• Daniela Fernández aka Strawberry Shortcake

More than just music: Fatphobia

Whether or not you are in the music industry, whether you're a woman, man, or a gender-nonconforming person, living in a body that does not fit the societal norm of beauty presents challenges. People of all genders, races, and abilities face negative effects from fatphobia.


In the fascinating podcast, No One is Immune: Lilli Lewis on Fatphobia in the Music Industry, Queer Community and Beyond’, they wrote, “I felt like they [fat people] were being told that their bodies, as they were, were not marketable enough, so the image they projected must be of smaller bodies.” In the entertainment business, it is often taken for granted that fat people, especially fat women, are unsalable to the public. Appearance is such a large part of being a celebrity, whether it's in TV appearances, concerts, or photoshoots. As much as I want to believe not everyone judges based on appearance, there is an internal bias; for example, most people in magazines and many people's favorite artists are thin. The podcast also mentioned how being queer (other than cisgender) allowed them to see things with a different lens: Lewis says, “I think it has been my queerness that has saved me. I believe that fat women’s bodies have precluded fat women artists as being marketable because of the assumptions that fat women are not as appealing under the male gaze. Ignoring the fact that that’s a deeply limited view, my queerness made me decidedly unapologetic about not performing for a sexualized male gaze.” Being queer gives certain people the perspective that is out of the male gaze at times. Being queer does not mean that you have avoided the male gaze but that there are times when the male gaze is irrelevant.


The music industry isn’t just about music — it’s video art and other forms of expression through appearance. Artists have an incredible influence on fashion and daily life tasks due to their large social-media presence. Celebrities have all tended to look alike — due to the large influence of “beauty” media and pressures from industry to present a conventionally attractive (and usually thin) appearance. Media representation of fat people has only slowly begun to increase. Lizzo’s social media presence, for instance, is not enough representation.

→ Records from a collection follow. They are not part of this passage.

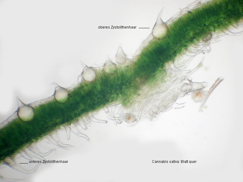 Ich habe mich mit Hans-Jürgen abgesprochen und für ihn ist es in Ordnung wenn ich dieses Bild mit den eindrücklichen Zystoliten-Haaren bei Cannabis sativa zeige. Sie ermöglichen unteranderem Pflanzenmaterial C. sativa zu zu ordnen.
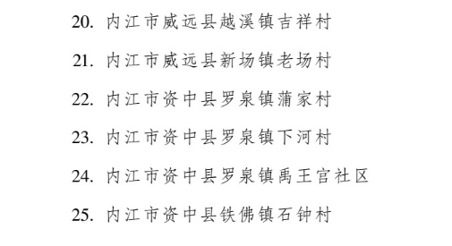 时间:2023-04-19 11:05:28 来源:川观新闻江粉儿从“四川省政府网”获悉,根据《四川省传统村落保护条例》,经各地申报、专家审查并向社会公示,省政府决定将1165个村落列入四川传统村落名录,其中内江25地上榜,现予公布,详情如下:
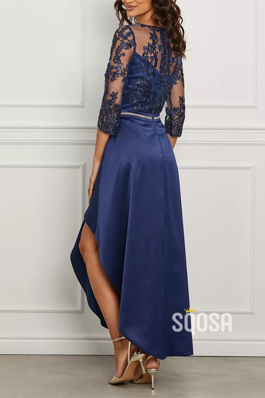 Illusion Round Applique Mother of the Bride Dress Elegant Evening Gown QM3227

Women who are fat are seen as fat first. The idea that our appearances don’t play into people's bias about us is wrong. Not only is being fat a problem to the societal expectation of beauty but each person is reminded they are not enough from their rejection from jobs due to their appearance. Women are often seen as trophies in the industry. By trophies, I mean they are seen as appearance first and talent second. Their talent can also be one of their “trophied aspects” on top of their beauty. The beliefs, background, and views of women and fat people are forgotten in the popularized media because the focus is on their appearance as women. The size of someone's body affects how people view their ability to do a job. In many states, it is not illegal to discriminate based on body image, people can be paid less not only due to their gender but their size. The Time article linked here says, “A 2008 study conducted by researchers at Yale University found that 10% of women and 5% of men had experienced discrimination based on their weight, including being rejected for a job.” People are denied occupations, similar to gender and clothing discrimination, and fat people are at a disadvantage. Fat people have lower success rates in the music industry due to their appearance, not their ability to sing or dance.


‘Fat’ has been given negative connotations that make fat people seem inactive and unintelligent. Due to the environment of music, film, beauty, etc., people are shamed for the bodies they were born with and have grown into. Because ‘fat’ is used in derogatory contexts we need to normalize it in non-derogatory contexts. Normalizing acceptance of the word ‘fat’ is essential to normalizing the success of fat people.


The music industry needs more representation of fat people. Humans are taught that to be valuable you must be entirely acceptable in society. People must acknowledge that people who do not have the privilege of thinness are not as likely to be successful due to the way they are viewed.